Birthdays always bring the old deaths back. (ll. 12-19)

As these lines suggest, the man in the couple enjoyed his birthday because of the weather- permitting access to working in the garden. This was not possible where he used to live, namely on the prairies, because of the longer winters. As horticultural researchers posit, gardening contributes to both physical and mental well-being, and it particularly prevents depression (Ng et al. 2). Accordingly, tending the garden allows the man in the poem to counter the sadness of remembering on his birthday those dear ones that have already passed away. Similarly, the following comment on ageing is framed by a showing-through of feelings, which is somehow triggered by the man’s close connection to the land:

“Earlier in bed, your hands cold from the soil, / I wept after I cried out, not knowing why”

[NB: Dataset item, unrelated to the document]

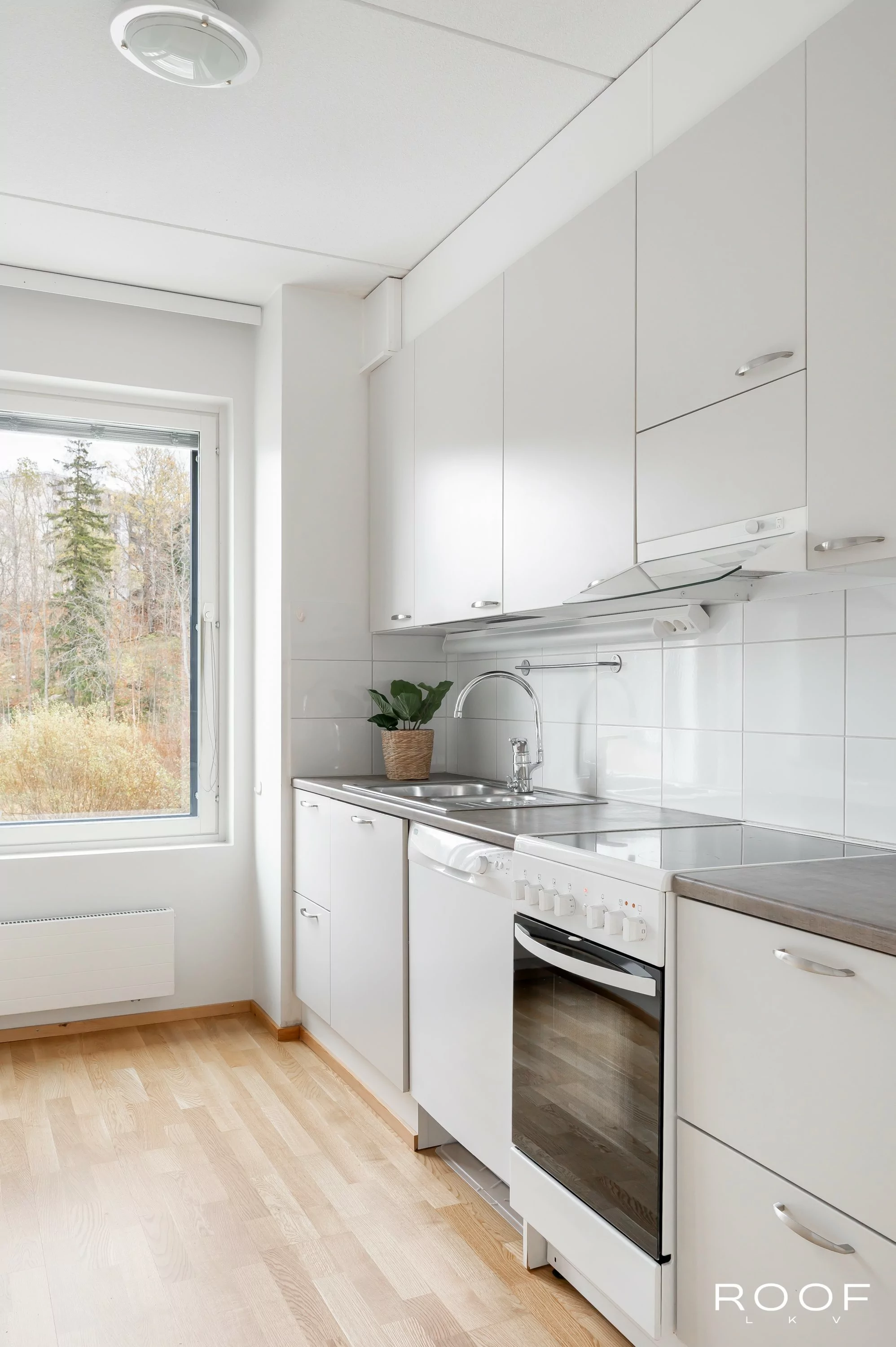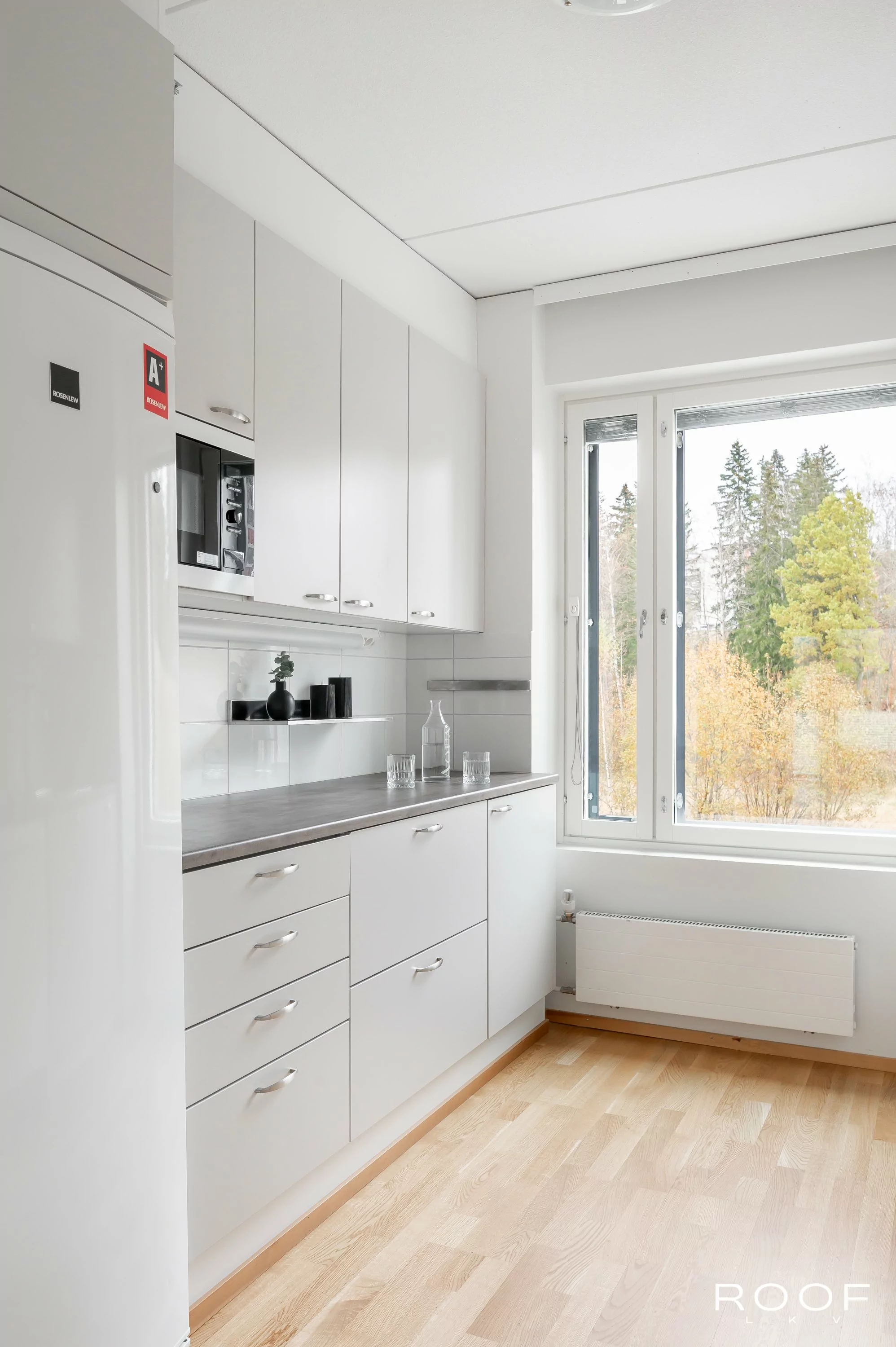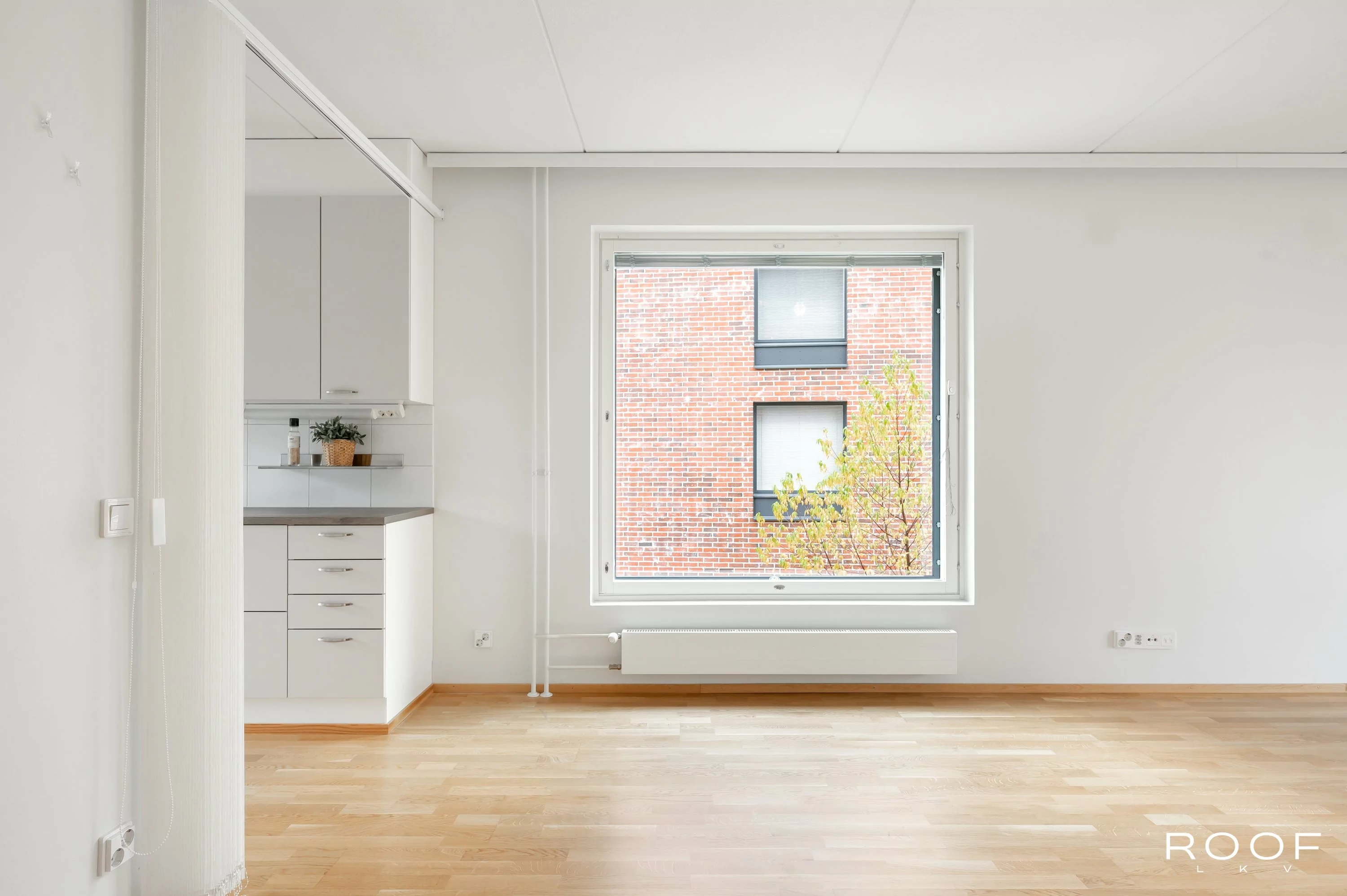 Tämä muuttovalmis kolmio kutsuu viihtymään. Kodin sydän on avara olohuone, keittiö ja ruokailutila, jotka yhdistyvät yhtenäiseksi, valoisaksi kokonaisuudeksi. Suuret ikkunat ja lasitettu parveke tuovat runsaasti luonnonvaloa ja lisäävät tilantuntua – parveke toimii kuin toinen olohuone pitkälle syksyyn.

(ll. 30-31). In turn, such feelings of sadness might have also surfaced because of the female persona’s remembrance of the death of her mother in-law and the love she professed for her son, as expressed by the jumpers she knitted for her son, and which the son wears to work in the garden. Alternatively, both the awareness of growing older – as

depicted by the man’s entering late middle-age – and the death of the man’s mother may serve as a reminder of the inevitability of death. In this vein, the persona’s shedding of tears symbolises anxiety towards not only her future mortality, but especially her spouse’s one. According to psychologists Victor Florian and Mario Mikulincer, “this need to face one’s own mortality after a recent loss may lead adults to recognize and deal with the consequences of death for different life aspects, and thereby spread the effects of that loss over most of the components of fear of death” (6). In this light, the source of the persona’s anxiety in the poem might be particularly related to future widowhood and its associated feelings of loneliness. As psychologist Kate M. Bennet and gerontologist Christina Victor assert, “[l]oneliness has been reported as a feature of widowhood from the earliest studies” (35). Even though the negative emotional outcomes of ageing into later life – namely loneliness and bereavement – are present in the poem, the ageing process itself is not demonized. In its stead, the love that the couple share – as shown in the poem through their sexualities – allows for a sense of welcome continuity in the affective-sexual area throughout the couple’s life-courses: “Fifteen years together and some days / there’s such pleasure in our bodies / as they move through the seasons” (ll. 32-34). Crozier uses hyperbolic images in the poem which intend to discard common perceptions of decaying flesh as disgusting, in the sense of Kathleen Woodward’s notion of unwatchability of older individual’s nudes (Figuring Age). As a result, the poem puts forward not only an acceptance of the changes brought about by the ageing process, but also the advantages for the maturity of a relationship to grow old together:

. . . far

from the beauty they [our bodies] were born to. Now they shine like parchment, worn by fingers,

by the spittle on the thumb as we turn

a page. (ll. 34-38)

The advantages described in this quotation are in line with Linn Sandberg’s theory of Affirmative Old Age, according to which “sexuality and ageing are analysed . . . as positive difference” (19) in order to overcome the common dichotomy within discourses of ageing of the decline narrative versus positive and successful ageing. From this perspective, while Crozier depicts the middle-aged couple’s skin as having lost the elastic properties of young skin, she also compares it to parchment, a valuable format on which manuscripts used to be written. In addition, the middle-aged couple’s skin is described with the verb “shine,” to which only positive connotations are attached. In this case the skin/parchment shines because the pages of their bodies have been turned many times, thus suggesting that their bodies have turned to each other for love and emotional support on many occasions. That is why they can understand each other very well: “We read each other, nearsightedly, / hands and tongues and even toes find where / the skin gives way”

(ll. 38-40). Thus, difference in skin characteristics is seen as positive difference in line with Sandberg’s theory.